The variables for the vertial (y) and horizontal (x) are specified in the function `ggplot`. For scatterplot, we use `geom_jitter` instead of `geom_point` to add a small amount of noise to each point so that the points will not be overlapping with each other. To build a bubble plot visualising the association between two numeric variables (e.g. HDI and GDP), with point size determined by a third continuous variable (e.g. Population size) and points color-coded by a categorical variable (e.g. continent)

1. Click DataViz at the top
2. Click Correlation
3. Select Scatterplot from the menu
4. In the Scatterplot panel, select HDI to Vertical Axis, GDP to Horizontal Axis, Continent to Fill color, and Pop to Size.

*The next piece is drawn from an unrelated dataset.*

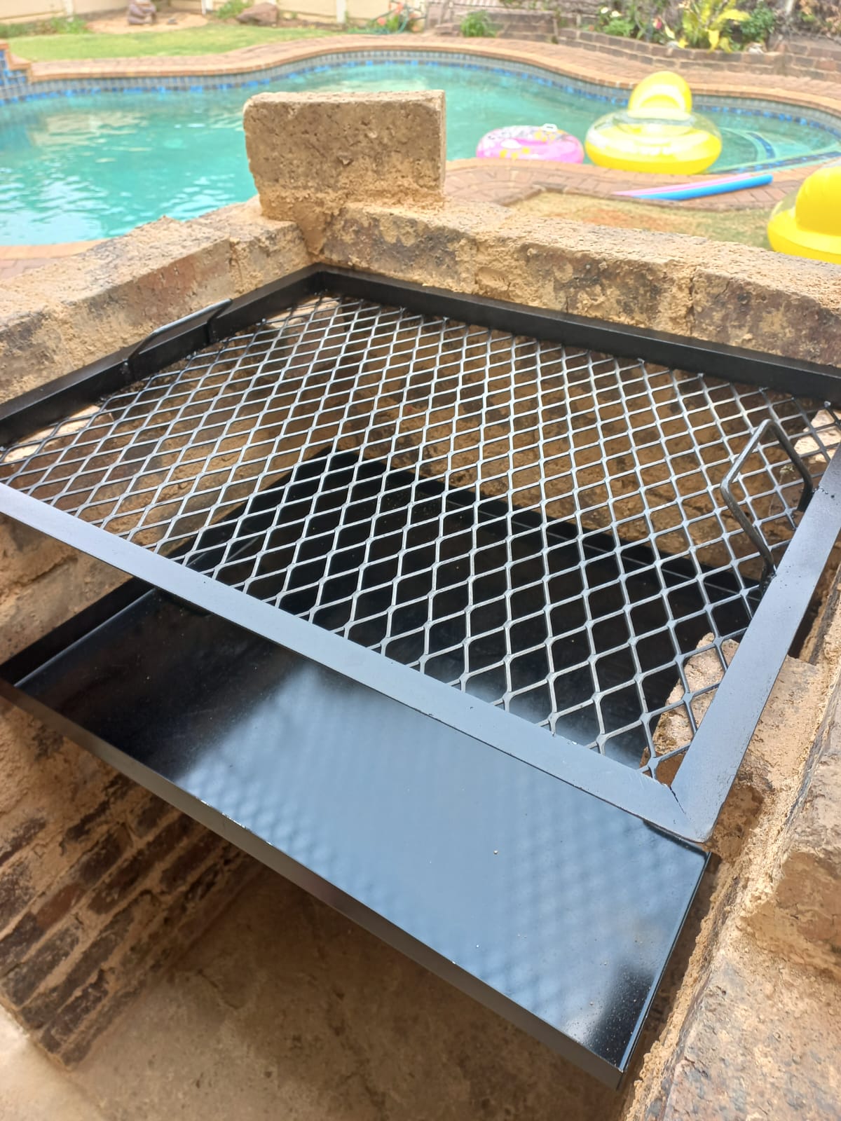 Basic mild steel braai grid and ashpan. Slides for grid optional extra. Sizes 700mm length x 500mm depth R1600 for both. Price for larger sizes also available on request.

5. Expand the Scatterplot Setting panel and uncheck Add a fitted line (A line of best fit will be added to the plot by default).
6. Expand the Label, Settings and Theme panel
• Click Switch to Advanced Mode for customisable setting (e.g. font size, color schemes, etc).
• For Title, we used “Scatterplot of Gross domestic product and Human development index”.
• For Horizontal axis, we used “Gross domestic product (GDP, 2010 US\$)”.
• For Vertical axis, we used “Human development index”.
• For Color fill label, we used “Continent”.
• For Size label, we used “Population (millions)”.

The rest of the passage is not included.